START EXTRACTED MATERIAL

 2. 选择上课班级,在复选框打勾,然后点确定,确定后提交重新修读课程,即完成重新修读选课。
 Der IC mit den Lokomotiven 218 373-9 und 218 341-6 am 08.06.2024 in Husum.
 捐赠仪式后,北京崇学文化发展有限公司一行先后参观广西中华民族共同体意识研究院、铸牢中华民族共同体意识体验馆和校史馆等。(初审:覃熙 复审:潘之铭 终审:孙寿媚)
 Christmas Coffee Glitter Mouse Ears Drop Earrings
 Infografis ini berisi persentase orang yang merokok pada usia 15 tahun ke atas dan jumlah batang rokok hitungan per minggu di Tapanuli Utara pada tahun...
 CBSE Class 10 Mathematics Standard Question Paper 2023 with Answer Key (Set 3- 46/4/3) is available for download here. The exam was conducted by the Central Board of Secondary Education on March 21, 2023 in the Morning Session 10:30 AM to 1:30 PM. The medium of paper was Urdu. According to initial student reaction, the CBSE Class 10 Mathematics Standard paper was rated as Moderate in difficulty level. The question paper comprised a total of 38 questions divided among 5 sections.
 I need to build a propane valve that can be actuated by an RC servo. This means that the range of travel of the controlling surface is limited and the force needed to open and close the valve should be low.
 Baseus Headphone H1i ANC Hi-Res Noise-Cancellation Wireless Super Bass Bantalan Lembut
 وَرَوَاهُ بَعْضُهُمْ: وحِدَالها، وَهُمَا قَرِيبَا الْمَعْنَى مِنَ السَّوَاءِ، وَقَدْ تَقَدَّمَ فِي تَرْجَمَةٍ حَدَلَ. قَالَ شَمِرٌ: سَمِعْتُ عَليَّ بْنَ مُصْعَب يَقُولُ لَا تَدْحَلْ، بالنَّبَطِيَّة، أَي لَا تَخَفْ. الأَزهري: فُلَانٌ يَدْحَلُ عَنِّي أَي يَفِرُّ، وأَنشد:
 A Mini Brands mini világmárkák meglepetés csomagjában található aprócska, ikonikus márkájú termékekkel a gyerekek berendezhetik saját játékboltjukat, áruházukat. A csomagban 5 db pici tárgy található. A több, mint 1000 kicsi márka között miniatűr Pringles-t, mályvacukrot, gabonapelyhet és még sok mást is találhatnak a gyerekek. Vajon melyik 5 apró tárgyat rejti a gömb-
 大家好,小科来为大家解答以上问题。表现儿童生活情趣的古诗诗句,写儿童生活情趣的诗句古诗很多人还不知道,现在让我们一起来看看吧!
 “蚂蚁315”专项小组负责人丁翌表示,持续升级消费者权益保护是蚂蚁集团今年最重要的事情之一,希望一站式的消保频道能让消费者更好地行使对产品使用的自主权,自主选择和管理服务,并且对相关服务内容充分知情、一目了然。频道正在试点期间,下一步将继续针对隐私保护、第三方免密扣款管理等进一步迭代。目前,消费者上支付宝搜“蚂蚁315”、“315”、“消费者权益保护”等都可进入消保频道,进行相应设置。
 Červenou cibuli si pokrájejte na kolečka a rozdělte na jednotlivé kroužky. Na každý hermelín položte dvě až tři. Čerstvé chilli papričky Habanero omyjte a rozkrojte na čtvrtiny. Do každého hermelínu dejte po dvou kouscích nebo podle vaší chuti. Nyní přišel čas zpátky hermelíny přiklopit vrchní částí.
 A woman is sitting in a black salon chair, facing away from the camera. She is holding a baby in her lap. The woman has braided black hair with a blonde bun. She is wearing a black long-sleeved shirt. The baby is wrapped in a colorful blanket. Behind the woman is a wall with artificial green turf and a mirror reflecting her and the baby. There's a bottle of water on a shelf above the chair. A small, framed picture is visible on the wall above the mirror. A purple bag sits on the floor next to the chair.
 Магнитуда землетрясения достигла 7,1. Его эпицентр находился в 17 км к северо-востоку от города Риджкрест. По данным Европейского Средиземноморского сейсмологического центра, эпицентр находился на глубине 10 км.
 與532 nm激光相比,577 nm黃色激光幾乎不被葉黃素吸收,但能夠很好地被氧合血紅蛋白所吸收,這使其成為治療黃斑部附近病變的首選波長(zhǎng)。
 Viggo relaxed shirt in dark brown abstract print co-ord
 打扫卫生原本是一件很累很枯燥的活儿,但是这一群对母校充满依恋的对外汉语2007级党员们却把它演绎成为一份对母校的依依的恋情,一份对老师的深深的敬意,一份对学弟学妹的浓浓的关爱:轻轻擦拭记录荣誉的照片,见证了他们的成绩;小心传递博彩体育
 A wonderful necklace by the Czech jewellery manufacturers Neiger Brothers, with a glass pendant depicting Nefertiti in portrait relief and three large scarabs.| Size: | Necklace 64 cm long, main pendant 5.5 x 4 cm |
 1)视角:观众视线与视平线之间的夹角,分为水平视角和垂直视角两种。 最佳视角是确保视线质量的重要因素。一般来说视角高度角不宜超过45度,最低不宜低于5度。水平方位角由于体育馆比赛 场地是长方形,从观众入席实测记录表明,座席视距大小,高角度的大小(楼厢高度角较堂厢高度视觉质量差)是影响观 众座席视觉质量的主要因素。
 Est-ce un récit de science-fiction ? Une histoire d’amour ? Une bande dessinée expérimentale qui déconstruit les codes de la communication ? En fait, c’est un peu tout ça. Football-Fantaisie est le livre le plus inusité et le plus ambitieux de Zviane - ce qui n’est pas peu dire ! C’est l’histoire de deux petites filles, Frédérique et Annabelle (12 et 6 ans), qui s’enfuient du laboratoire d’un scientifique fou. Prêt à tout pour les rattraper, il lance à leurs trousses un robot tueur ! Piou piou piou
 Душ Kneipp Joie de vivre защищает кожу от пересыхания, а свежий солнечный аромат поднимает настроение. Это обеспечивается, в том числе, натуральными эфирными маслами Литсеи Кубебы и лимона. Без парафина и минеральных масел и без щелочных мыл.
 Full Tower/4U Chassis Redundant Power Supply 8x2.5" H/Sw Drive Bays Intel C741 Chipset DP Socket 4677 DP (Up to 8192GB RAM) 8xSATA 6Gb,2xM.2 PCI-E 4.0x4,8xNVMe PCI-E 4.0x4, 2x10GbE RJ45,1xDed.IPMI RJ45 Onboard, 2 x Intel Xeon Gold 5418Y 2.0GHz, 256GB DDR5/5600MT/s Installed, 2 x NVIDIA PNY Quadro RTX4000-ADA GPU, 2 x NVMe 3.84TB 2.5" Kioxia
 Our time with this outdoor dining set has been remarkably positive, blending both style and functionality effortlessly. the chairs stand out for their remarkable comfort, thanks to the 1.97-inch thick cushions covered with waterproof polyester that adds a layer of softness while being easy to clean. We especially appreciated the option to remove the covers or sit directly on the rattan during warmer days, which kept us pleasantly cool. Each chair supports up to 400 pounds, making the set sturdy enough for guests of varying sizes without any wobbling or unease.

END EXTRACTED MATERIAL

REQUIRED WORK: All lines in the data that contain the word "shirt" should be copied.

OUTPUT FOR THIS EXERCISE:
 A woman is sitting in a black salon chair, facing away from the camera. She is holding a baby in her lap. The woman has braided black hair with a blonde bun. She is wearing a black long-sleeved shirt. The baby is wrapped in a colorful blanket. Behind the woman is a wall with artificial green turf and a mirror reflecting her and the baby. There's a bottle of water on a shelf above the chair. A small, framed picture is visible on the wall above the mirror. A purple bag sits on the floor next to the chair.
 Viggo relaxed shirt in dark brown abstract print co-ord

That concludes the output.